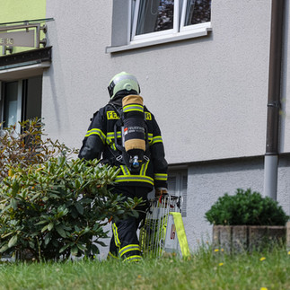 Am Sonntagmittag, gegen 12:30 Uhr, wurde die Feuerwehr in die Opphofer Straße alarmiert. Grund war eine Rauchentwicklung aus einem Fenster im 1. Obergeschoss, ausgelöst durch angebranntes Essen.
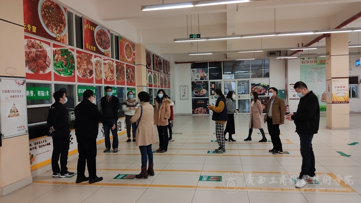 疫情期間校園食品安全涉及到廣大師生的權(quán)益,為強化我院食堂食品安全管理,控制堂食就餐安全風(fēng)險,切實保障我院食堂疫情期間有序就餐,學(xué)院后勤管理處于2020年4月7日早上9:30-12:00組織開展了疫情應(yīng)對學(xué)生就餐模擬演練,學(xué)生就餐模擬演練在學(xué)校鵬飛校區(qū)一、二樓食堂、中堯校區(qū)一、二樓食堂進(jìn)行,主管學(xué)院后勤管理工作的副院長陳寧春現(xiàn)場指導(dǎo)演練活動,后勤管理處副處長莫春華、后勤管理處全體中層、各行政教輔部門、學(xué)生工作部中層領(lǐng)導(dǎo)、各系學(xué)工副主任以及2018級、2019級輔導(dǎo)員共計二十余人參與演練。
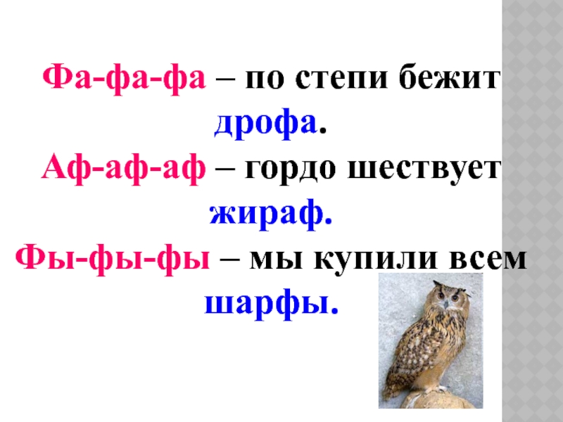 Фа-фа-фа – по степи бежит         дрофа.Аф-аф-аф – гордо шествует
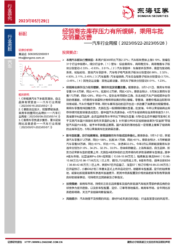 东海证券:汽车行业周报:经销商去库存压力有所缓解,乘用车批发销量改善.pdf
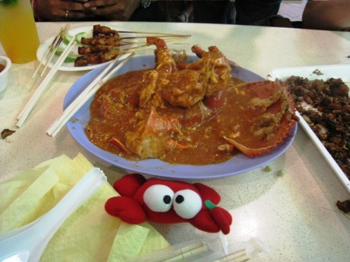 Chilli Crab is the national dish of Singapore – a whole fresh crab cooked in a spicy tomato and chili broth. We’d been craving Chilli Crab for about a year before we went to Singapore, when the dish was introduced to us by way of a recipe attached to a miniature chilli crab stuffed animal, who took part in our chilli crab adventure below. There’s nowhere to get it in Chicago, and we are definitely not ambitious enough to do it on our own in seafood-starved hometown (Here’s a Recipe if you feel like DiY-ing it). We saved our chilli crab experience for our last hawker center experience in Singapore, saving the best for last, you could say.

##############################

## [WHAT THE EXERCISE ASKS]
All entries need to be duplicated exactly, apart from the images.

## [WRITTEN ANSWER]
 Am Sonntagmittag, gegen 12:30 Uhr, wurde die Feuerwehr in die Opphofer Straße alarmiert. Grund war eine Rauchentwicklung aus einem Fenster im 1. Obergeschoss, ausgelöst durch angebranntes Essen.
 疫情期間校園食品安全涉及到廣大師生的權(quán)益,為強化我院食堂食品安全管理,控制堂食就餐安全風(fēng)險,切實保障我院食堂疫情期間有序就餐,學(xué)院后勤管理處于2020年4月7日早上9:30-12:00組織開展了疫情應(yīng)對學(xué)生就餐模擬演練,學(xué)生就餐模擬演練在學(xué)校鵬飛校區(qū)一、二樓食堂、中堯校區(qū)一、二樓食堂進(jìn)行,主管學(xué)院后勤管理工作的副院長陳寧春現(xiàn)場指導(dǎo)演練活動,后勤管理處副處長莫春華、后勤管理處全體中層、各行政教輔部門、學(xué)生工作部中層領(lǐng)導(dǎo)、各系學(xué)工副主任以及2018級、2019級輔導(dǎo)員共計二十余人參與演練。
 Фа-фа-фа – по степи бежит         дрофа.Аф-аф-аф – гордо шествует
 东海证券:汽车行业周报:经销商去库存压力有所缓解,乘用车批发销量改善.pdf
 Chilli Crab is the national dish of Singapore – a whole fresh crab cooked in a spicy tomato and chili broth. We’d been craving Chilli Crab for about a year before we went to Singapore, when the dish was introduced to us by way of a recipe attached to a miniature chilli crab stuffed animal, who took part in our chilli crab adventure below. There’s nowhere to get it in Chicago, and we are definitely not ambitious enough to do it on our own in seafood-starved hometown (Here’s a Recipe if you feel like DiY-ing it). We saved our chilli crab experience for our last hawker center experience in Singapore, saving the best for last, you could say.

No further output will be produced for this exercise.